Data uncertainty issues do not only affect choropleth map presentations but also affect bivariate or multivariate analyses where two or more variables are statistically compared. One popular method in comparing variables is the regression analysis where a line is best fit to a bivariate scatterplot. For example, one can regress "percent not schooled"" to "income"" as follows:

```{r, echo=FALSE}
M1  <- lm(s1$NoSchool * 100 ~ s1$Income)
SM1 <- summary(M1)
AM1 <- anova(M1)
```

```{r, echo=FALSE}
SDplot = function(X,Y,x.lab,y.lab) {
  sdX = sd(X,na.rm=T)   # Compute x SD
  sdY = sd(Y, na.rm=T)  # Compute y SD
  muX = mean(X,na.rm=T)
  muY = mean(Y,na.rm=T)
  a   = muY - sdY/sdX * muX  # Get y-intercept for SD line
  #
  OP <- par(pty="s")
  plot(Y ~ X, asp = (sdX/sdY),pch=16,cex=0.7,col="grey",ylab=NA, las=1,xlab=NA,axes=F)
  box()
  axis(1,cex.axis=.7, labels=TRUE,padj=-2)
  axis(2, cex.axis=.7, las=1)
  mtext(y.lab, side=3, adj= -1 ,cex=0.8)
  mtext(x.lab,side=1, line = 1.2, cex=0.8)
  abline(v = muX,lty = 3, col="grey")   # Plot SDx = 0
  abline(h = muY,lty = 3, col="grey")   # Plot SDy = 0
 par(OP)
}
```


```{r f07-regression1, fig.height=2.5, echo=FALSE, fig.cap="Regression between percent not having completed any school grade and median per capita income for each county."}
OP <- par(mar=c(2,2,1,1))
SDplot(s1$Income,s1$NoSchool * 100,x.lab="Income",y.lab="% No school")
abline( M1, col="red" )
par(OP)
```

The $R^2$ value associated with this regression analysis is `r round(SM1$r.squared,2)` and the p-value is `r round(AM1$Pr[1],3)`.
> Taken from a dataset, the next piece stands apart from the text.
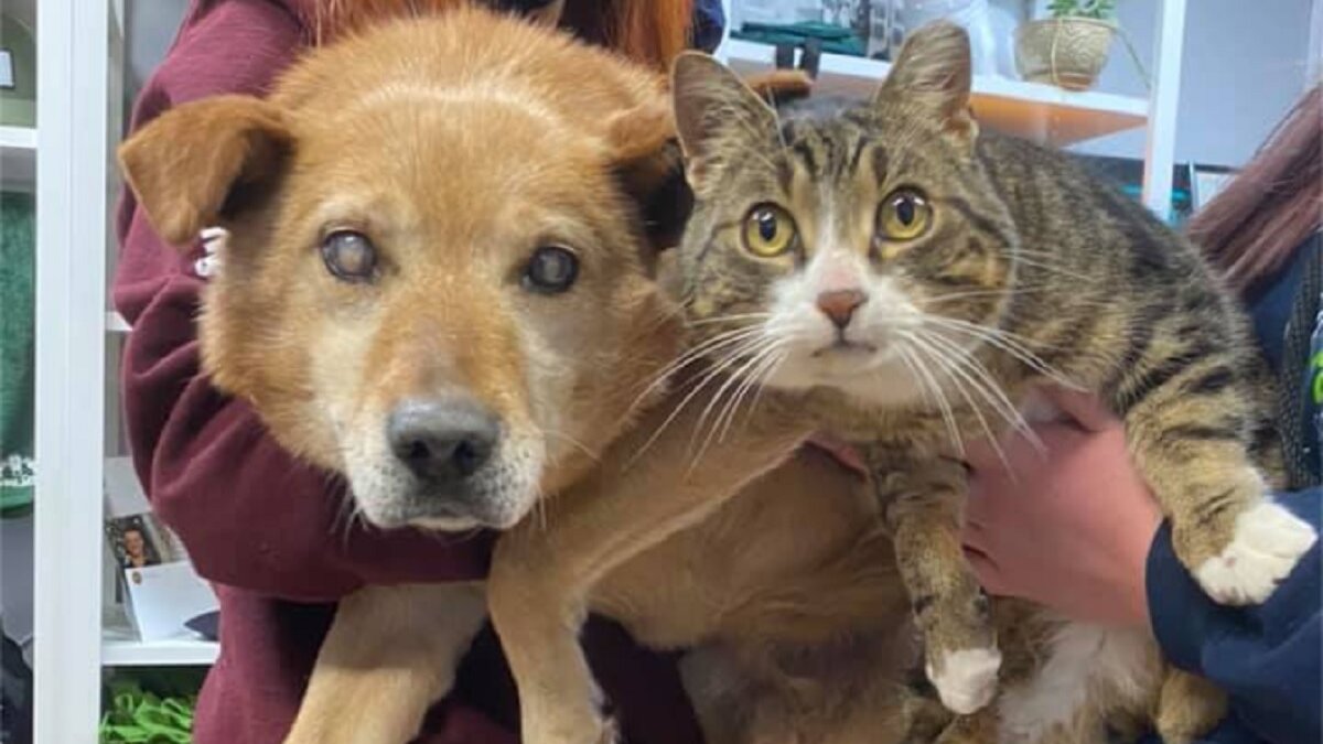 Blinde hond en zijn blindengeleidekat geadopteerd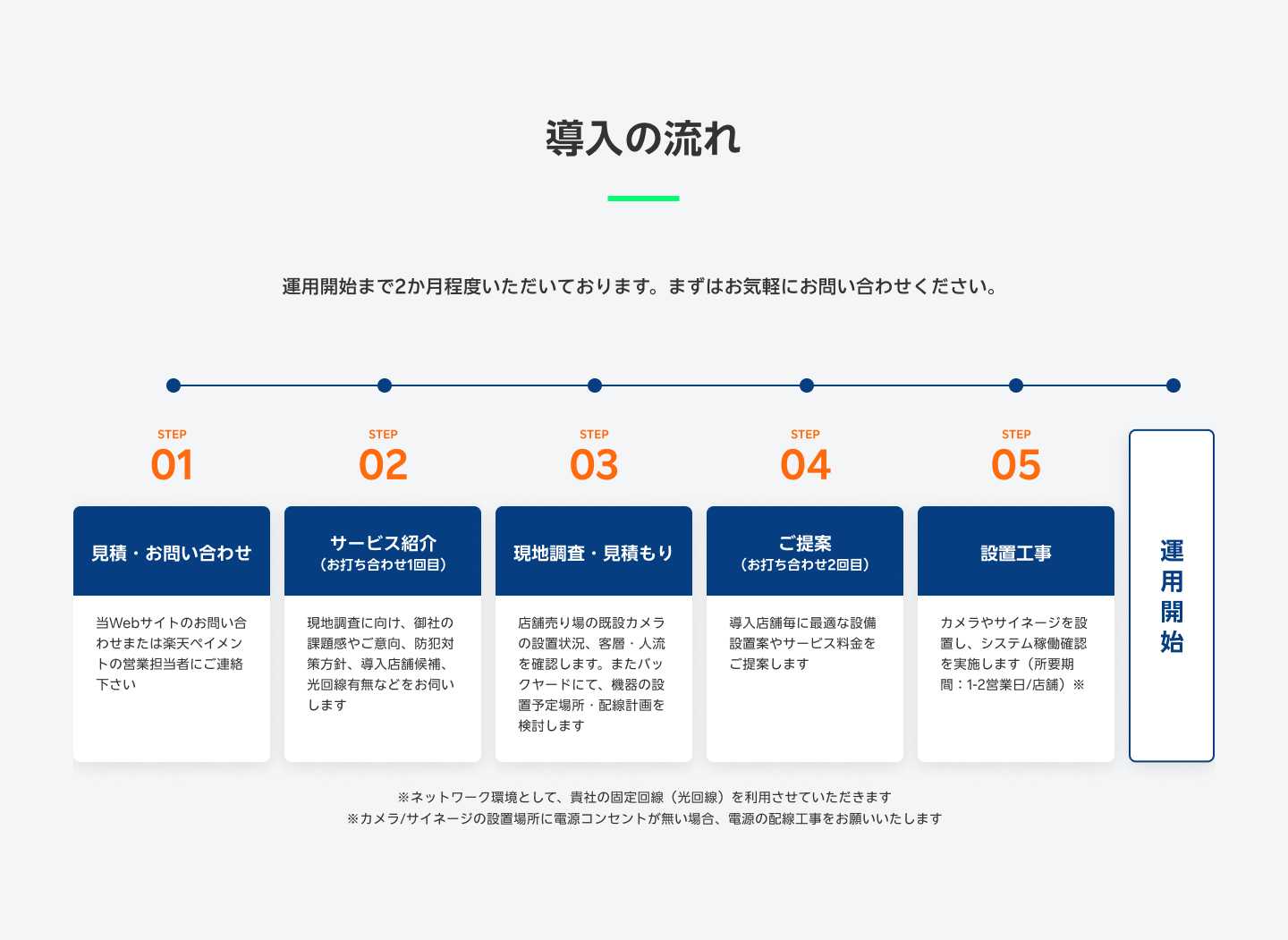 導入プロセスでは、専門の担当者が各店舗の課題や要望をヒアリングし、実店舗での現地調査を実施します。その上で、カメラやサイネージの最適な設置場所や台数を含む個別プランを提案します。導入後も24時間体制の死活監視ツールによってシステムの正常稼働を監視し、不具合発生時には遠隔または現地での調査・整備による保守管理を提供します。また、AIカメラで収集したデータの分析や統計レポートの提供など、オプションサービスも充実しています。

But another realization of the survey could produce the following output:

```{r, echo=FALSE}
set.seed(7); s1$S1 <- rnorml(s1$NoSchool , s1$NoSchoolSE, 1.645) # Generate new % not schooled
M  <- lm(s1$S1 * 100 ~ s1$R1)
SM <- summary(M)
AM <- anova(M)
```

```{r f07-regression2, fig.height=2.5, echo=FALSE, fig.cap="Example of what a regression line could look like had another sample been surveyed for each county."}
OP <- par(mar=c(2,2,1,1))
#plot(S$S1 ~ S$R1, pch=20, xlab="Income", ylab="% not schooled")
SDplot(s1$R1,s1$S1 * 100,x.lab="Income",y.lab="% No school")
abline( M, col="red" )
abline(M1, col="black", lty=2)
par(OP)
```

With this new (simulated) sample, the $R^2$ value dropped to `r round(SM$r.squared,2)` and the p-value is now `r round(AM$Pr[1],3)`--a much less significant relationship then computed with the original estimate! In fact, if we were to survey  1000 different samples within each county we would get the following range of regression lines:

```{r f07-regression-envelope, fig.height=2.5, echo=FALSE, fig.cap = "A range of regression lines computed from different samples from each county."}
OP <- par(mar=c(2,2,1,1))
SDplot(s1$Income,s1$NoSchool * 100,x.lab="Income",y.lab="% No school")

# Run lm model with randomly sampled data
for (i in 1:1000){
  Xi = rnorml(s1$Income, s1$IncomeSE, 1.645)
  Yi = rnorml(s1$NoSchool, s1$NoSchoolSE, 1.645)
  Mi = lm(Yi * 100 ~ Xi)
  abline(Mi,col=rgb(0,0,0,0.05))
}

# Plot regression line
M1 = lm(s1$NoSchool * 100 ~ s1$Income)
abline(M1,col="red")
par(OP)
```

These overlapping lines define a *type* of confidence interval (aka confidence envelope). In other words, the true regression line between both variables lies somewhere within the dark region delineated by this interval.